Give back the records in their entirety, exactly.

* _Dataset records_
* * * * *

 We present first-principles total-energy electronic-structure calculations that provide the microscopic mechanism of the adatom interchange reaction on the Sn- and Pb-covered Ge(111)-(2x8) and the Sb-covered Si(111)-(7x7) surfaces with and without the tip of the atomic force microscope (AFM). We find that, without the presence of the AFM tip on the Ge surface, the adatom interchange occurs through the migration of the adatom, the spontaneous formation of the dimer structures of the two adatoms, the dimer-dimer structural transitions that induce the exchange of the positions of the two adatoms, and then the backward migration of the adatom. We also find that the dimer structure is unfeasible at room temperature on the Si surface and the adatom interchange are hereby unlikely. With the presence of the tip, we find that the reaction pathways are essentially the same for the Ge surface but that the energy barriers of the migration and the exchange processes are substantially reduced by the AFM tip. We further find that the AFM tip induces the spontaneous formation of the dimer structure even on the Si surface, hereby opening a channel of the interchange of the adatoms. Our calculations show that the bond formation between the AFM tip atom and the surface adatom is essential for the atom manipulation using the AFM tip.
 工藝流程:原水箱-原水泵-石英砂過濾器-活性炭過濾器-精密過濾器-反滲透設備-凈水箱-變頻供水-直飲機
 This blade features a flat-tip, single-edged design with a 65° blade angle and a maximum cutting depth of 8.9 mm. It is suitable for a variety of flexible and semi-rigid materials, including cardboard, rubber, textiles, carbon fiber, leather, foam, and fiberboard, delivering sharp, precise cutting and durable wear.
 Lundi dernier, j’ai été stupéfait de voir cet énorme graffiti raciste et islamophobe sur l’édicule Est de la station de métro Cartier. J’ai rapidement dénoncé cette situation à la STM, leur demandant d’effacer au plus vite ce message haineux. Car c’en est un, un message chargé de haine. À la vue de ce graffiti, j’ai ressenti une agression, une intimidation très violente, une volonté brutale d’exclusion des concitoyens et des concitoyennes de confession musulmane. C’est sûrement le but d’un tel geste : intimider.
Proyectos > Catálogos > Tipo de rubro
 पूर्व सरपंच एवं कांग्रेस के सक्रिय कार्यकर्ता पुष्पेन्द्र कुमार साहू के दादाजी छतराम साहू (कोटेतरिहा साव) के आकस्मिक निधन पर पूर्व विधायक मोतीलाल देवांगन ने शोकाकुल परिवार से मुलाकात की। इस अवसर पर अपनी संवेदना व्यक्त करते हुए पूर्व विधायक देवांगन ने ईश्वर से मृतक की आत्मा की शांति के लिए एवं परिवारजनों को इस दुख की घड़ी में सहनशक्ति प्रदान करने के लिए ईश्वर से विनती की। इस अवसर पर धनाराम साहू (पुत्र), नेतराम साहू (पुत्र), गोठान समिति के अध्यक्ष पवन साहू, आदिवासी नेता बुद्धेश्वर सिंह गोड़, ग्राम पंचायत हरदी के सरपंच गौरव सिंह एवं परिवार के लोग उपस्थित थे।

* * * * *

* _ANSWER TO THIS EXERCISE_
 We present first-principles total-energy electronic-structure calculations that provide the microscopic mechanism of the adatom interchange reaction on the Sn- and Pb-covered Ge(111)-(2x8) and the Sb-covered Si(111)-(7x7) surfaces with and without the tip of the atomic force microscope (AFM). We find that, without the presence of the AFM tip on the Ge surface, the adatom interchange occurs through the migration of the adatom, the spontaneous formation of the dimer structures of the two adatoms, the dimer-dimer structural transitions that induce the exchange of the positions of the two adatoms, and then the backward migration of the adatom. We also find that the dimer structure is unfeasible at room temperature on the Si surface and the adatom interchange are hereby unlikely. With the presence of the tip, we find that the reaction pathways are essentially the same for the Ge surface but that the energy barriers of the migration and the exchange processes are substantially reduced by the AFM tip. We further find that the AFM tip induces the spontaneous formation of the dimer structure even on the Si surface, hereby opening a channel of the interchange of the adatoms. Our calculations show that the bond formation between the AFM tip atom and the surface adatom is essential for the atom manipulation using the AFM tip.
 工藝流程:原水箱-原水泵-石英砂過濾器-活性炭過濾器-精密過濾器-反滲透設備-凈水箱-變頻供水-直飲機
 This blade features a flat-tip, single-edged design with a 65° blade angle and a maximum cutting depth of 8.9 mm. It is suitable for a variety of flexible and semi-rigid materials, including cardboard, rubber, textiles, carbon fiber, leather, foam, and fiberboard, delivering sharp, precise cutting and durable wear.
 Lundi dernier, j’ai été stupéfait de voir cet énorme graffiti raciste et islamophobe sur l’édicule Est de la station de métro Cartier. J’ai rapidement dénoncé cette situation à la STM, leur demandant d’effacer au plus vite ce message haineux. Car c’en est un, un message chargé de haine. À la vue de ce graffiti, j’ai ressenti une agression, une intimidation très violente, une volonté brutale d’exclusion des concitoyens et des concitoyennes de confession musulmane. C’est sûrement le but d’un tel geste : intimider.
Proyectos > Catálogos > Tipo de rubro
 पूर्व सरपंच एवं कांग्रेस के सक्रिय कार्यकर्ता पुष्पेन्द्र कुमार साहू के दादाजी छतराम साहू (कोटेतरिहा साव) के आकस्मिक निधन पर पूर्व विधायक मोतीलाल देवांगन ने शोकाकुल परिवार से मुलाकात की। इस अवसर पर अपनी संवेदना व्यक्त करते हुए पूर्व विधायक देवांगन ने ईश्वर से मृतक की आत्मा की शांति के लिए एवं परिवारजनों को इस दुख की घड़ी में सहनशक्ति प्रदान करने के लिए ईश्वर से विनती की। इस अवसर पर धनाराम साहू (पुत्र), नेतराम साहू (पुत्र), गोठान समिति के अध्यक्ष पवन साहू, आदिवासी नेता बुद्धेश्वर सिंह गोड़, ग्राम पंचायत हरदी के सरपंच गौरव सिंह एवं परिवार के लोग उपस्थित थे।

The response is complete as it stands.